→ Required action:
Once you reach the line that holds "高新管委会副主任王海若深入市" in the listing below, output it and every line after it through the line that holds "烟花三月,草长莺飞。在这个春", word for word.

→ The data:
========================
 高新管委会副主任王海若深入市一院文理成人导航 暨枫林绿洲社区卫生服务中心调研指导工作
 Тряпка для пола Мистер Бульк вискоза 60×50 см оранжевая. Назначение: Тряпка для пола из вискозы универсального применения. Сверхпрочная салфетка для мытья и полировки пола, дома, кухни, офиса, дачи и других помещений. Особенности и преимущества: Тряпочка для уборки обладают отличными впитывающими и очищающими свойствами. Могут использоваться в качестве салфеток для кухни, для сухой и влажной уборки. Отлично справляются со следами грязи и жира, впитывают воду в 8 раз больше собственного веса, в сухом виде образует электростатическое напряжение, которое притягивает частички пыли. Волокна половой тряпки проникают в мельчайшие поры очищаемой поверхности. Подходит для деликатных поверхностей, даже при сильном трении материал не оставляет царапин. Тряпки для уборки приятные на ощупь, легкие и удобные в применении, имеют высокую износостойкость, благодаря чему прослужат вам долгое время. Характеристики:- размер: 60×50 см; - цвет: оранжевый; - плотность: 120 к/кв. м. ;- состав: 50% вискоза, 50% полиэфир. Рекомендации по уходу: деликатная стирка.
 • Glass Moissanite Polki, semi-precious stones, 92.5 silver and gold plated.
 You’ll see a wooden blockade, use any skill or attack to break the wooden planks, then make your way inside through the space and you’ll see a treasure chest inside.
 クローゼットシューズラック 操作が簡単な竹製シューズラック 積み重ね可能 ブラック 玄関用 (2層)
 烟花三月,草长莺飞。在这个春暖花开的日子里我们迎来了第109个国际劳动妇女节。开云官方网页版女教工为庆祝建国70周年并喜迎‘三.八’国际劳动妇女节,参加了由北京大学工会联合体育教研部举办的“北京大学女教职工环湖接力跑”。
========================
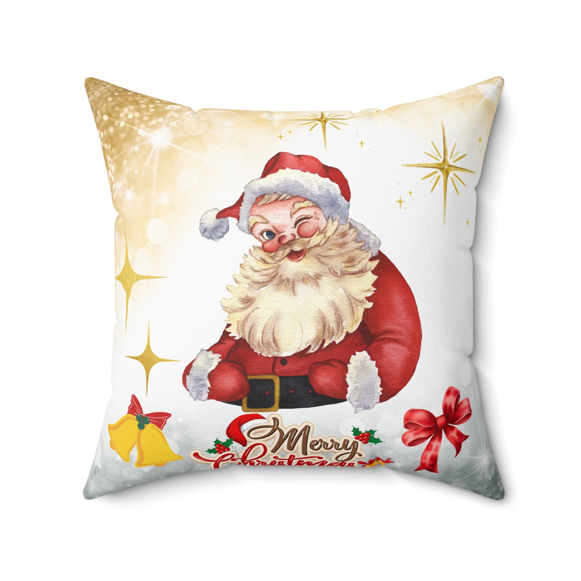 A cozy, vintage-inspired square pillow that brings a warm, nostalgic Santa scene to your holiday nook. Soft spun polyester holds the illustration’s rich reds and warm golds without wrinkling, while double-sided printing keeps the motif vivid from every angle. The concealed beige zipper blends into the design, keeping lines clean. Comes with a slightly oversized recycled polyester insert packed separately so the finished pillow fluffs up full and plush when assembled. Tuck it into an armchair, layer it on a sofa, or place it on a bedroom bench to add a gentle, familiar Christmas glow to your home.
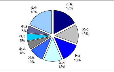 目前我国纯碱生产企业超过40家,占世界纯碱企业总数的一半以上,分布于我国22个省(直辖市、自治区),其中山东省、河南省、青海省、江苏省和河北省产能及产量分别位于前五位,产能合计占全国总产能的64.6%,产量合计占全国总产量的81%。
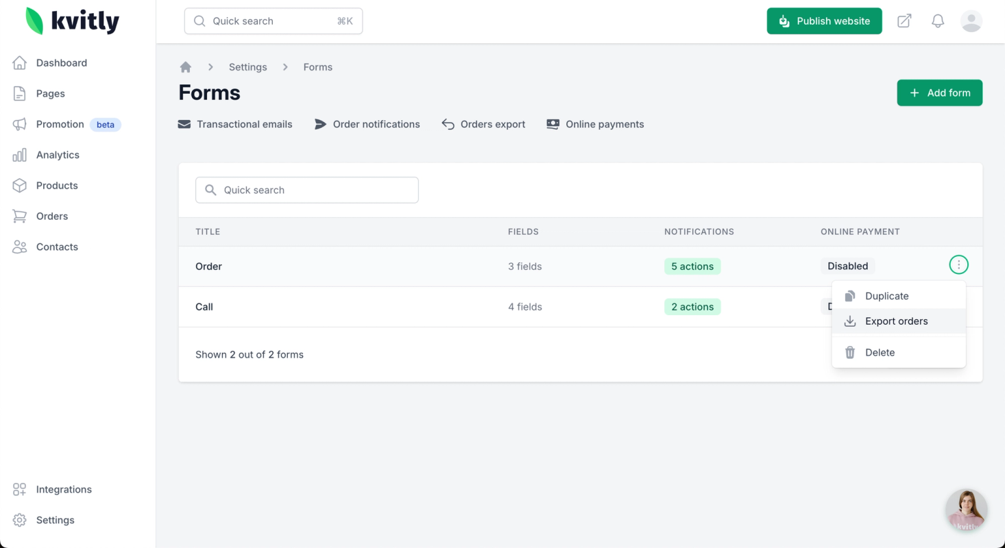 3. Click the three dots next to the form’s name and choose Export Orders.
========================
→ Result of the task:
 高新管委会副主任王海若深入市一院文理成人导航 暨枫林绿洲社区卫生服务中心调研指导工作
 Тряпка для пола Мистер Бульк вискоза 60×50 см оранжевая. Назначение: Тряпка для пола из вискозы универсального применения. Сверхпрочная салфетка для мытья и полировки пола, дома, кухни, офиса, дачи и других помещений. Особенности и преимущества: Тряпочка для уборки обладают отличными впитывающими и очищающими свойствами. Могут использоваться в качестве салфеток для кухни, для сухой и влажной уборки. Отлично справляются со следами грязи и жира, впитывают воду в 8 раз больше собственного веса, в сухом виде образует электростатическое напряжение, которое притягивает частички пыли. Волокна половой тряпки проникают в мельчайшие поры очищаемой поверхности. Подходит для деликатных поверхностей, даже при сильном трении материал не оставляет царапин. Тряпки для уборки приятные на ощупь, легкие и удобные в применении, имеют высокую износостойкость, благодаря чему прослужат вам долгое время. Характеристики:- размер: 60×50 см; - цвет: оранжевый; - плотность: 120 к/кв. м. ;- состав: 50% вискоза, 50% полиэфир. Рекомендации по уходу: деликатная стирка.
 • Glass Moissanite Polki, semi-precious stones, 92.5 silver and gold plated.
 You’ll see a wooden blockade, use any skill or attack to break the wooden planks, then make your way inside through the space and you’ll see a treasure chest inside.
 クローゼットシューズラック 操作が簡単な竹製シューズラック 積み重ね可能 ブラック 玄関用 (2層)
 烟花三月,草长莺飞。在这个春暖花开的日子里我们迎来了第109个国际劳动妇女节。开云官方网页版女教工为庆祝建国70周年并喜迎‘三.八’国际劳动妇女节,参加了由北京大学工会联合体育教研部举办的“北京大学女教职工环湖接力跑”。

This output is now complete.